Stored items
********

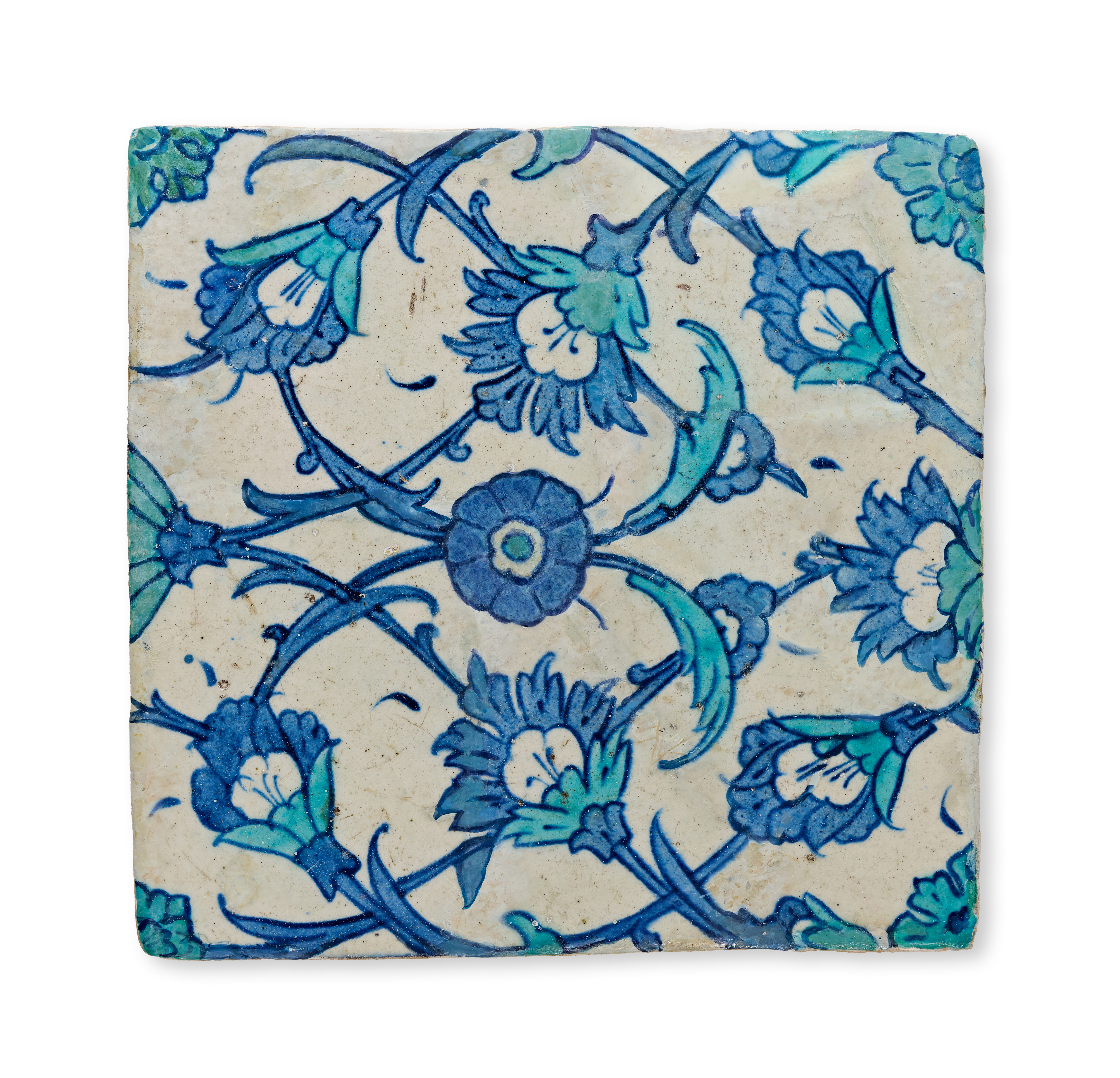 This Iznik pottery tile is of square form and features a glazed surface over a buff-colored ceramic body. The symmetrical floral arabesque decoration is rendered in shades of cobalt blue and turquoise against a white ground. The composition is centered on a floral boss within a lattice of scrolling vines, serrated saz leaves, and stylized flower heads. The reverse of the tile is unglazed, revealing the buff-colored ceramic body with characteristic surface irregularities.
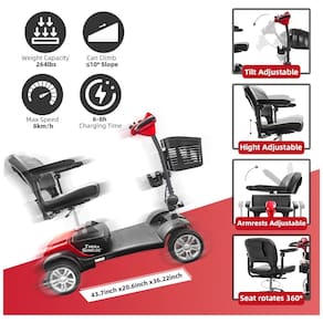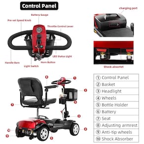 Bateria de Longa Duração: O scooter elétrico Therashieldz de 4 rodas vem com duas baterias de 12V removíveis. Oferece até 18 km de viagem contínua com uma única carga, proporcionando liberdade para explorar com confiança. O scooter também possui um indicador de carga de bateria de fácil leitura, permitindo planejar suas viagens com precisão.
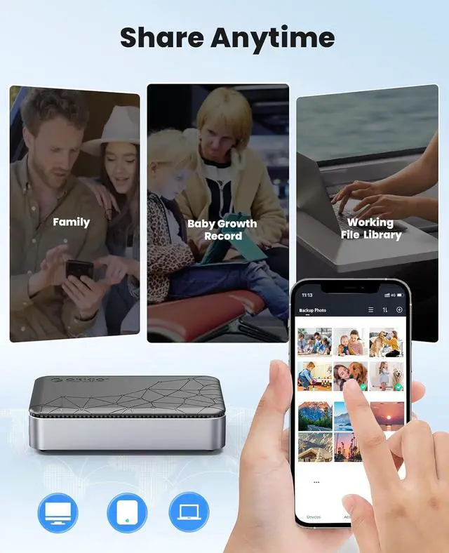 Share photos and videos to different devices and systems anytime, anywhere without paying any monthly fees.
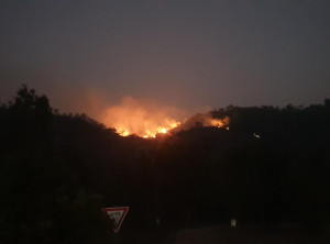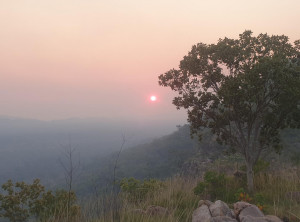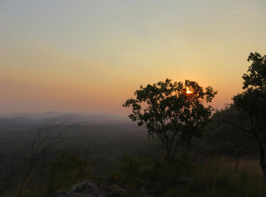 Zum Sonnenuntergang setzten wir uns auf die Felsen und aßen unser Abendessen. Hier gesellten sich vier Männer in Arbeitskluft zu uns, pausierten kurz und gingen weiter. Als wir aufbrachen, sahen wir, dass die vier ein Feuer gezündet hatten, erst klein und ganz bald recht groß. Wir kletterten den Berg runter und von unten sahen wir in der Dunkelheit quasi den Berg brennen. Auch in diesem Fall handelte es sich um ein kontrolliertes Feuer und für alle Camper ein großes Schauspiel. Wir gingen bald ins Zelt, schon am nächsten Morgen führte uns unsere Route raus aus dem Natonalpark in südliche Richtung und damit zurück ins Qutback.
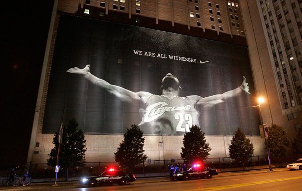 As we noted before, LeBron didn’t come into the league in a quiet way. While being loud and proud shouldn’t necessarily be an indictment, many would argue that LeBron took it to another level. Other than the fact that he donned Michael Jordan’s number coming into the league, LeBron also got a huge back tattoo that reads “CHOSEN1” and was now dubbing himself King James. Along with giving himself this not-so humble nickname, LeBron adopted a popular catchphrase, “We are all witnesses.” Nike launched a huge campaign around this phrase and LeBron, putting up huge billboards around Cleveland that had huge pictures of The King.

********

EXERCISE DIRECTIONS: Aside from the pictures, copy all of the entries exactly.

TASK ANSWER:
 This Iznik pottery tile is of square form and features a glazed surface over a buff-colored ceramic body. The symmetrical floral arabesque decoration is rendered in shades of cobalt blue and turquoise against a white ground. The composition is centered on a floral boss within a lattice of scrolling vines, serrated saz leaves, and stylized flower heads. The reverse of the tile is unglazed, revealing the buff-colored ceramic body with characteristic surface irregularities.
 Bateria de Longa Duração: O scooter elétrico Therashieldz de 4 rodas vem com duas baterias de 12V removíveis. Oferece até 18 km de viagem contínua com uma única carga, proporcionando liberdade para explorar com confiança. O scooter também possui um indicador de carga de bateria de fácil leitura, permitindo planejar suas viagens com precisão.
 Share photos and videos to different devices and systems anytime, anywhere without paying any monthly fees.
 Zum Sonnenuntergang setzten wir uns auf die Felsen und aßen unser Abendessen. Hier gesellten sich vier Männer in Arbeitskluft zu uns, pausierten kurz und gingen weiter. Als wir aufbrachen, sahen wir, dass die vier ein Feuer gezündet hatten, erst klein und ganz bald recht groß. Wir kletterten den Berg runter und von unten sahen wir in der Dunkelheit quasi den Berg brennen. Auch in diesem Fall handelte es sich um ein kontrolliertes Feuer und für alle Camper ein großes Schauspiel. Wir gingen bald ins Zelt, schon am nächsten Morgen führte uns unsere Route raus aus dem Natonalpark in südliche Richtung und damit zurück ins Qutback.
 As we noted before, LeBron didn’t come into the league in a quiet way. While being loud and proud shouldn’t necessarily be an indictment, many would argue that LeBron took it to another level. Other than the fact that he donned Michael Jordan’s number coming into the league, LeBron also got a huge back tattoo that reads “CHOSEN1” and was now dubbing himself King James. Along with giving himself this not-so humble nickname, LeBron adopted a popular catchphrase, “We are all witnesses.” Nike launched a huge campaign around this phrase and LeBron, putting up huge billboards around Cleveland that had huge pictures of The King.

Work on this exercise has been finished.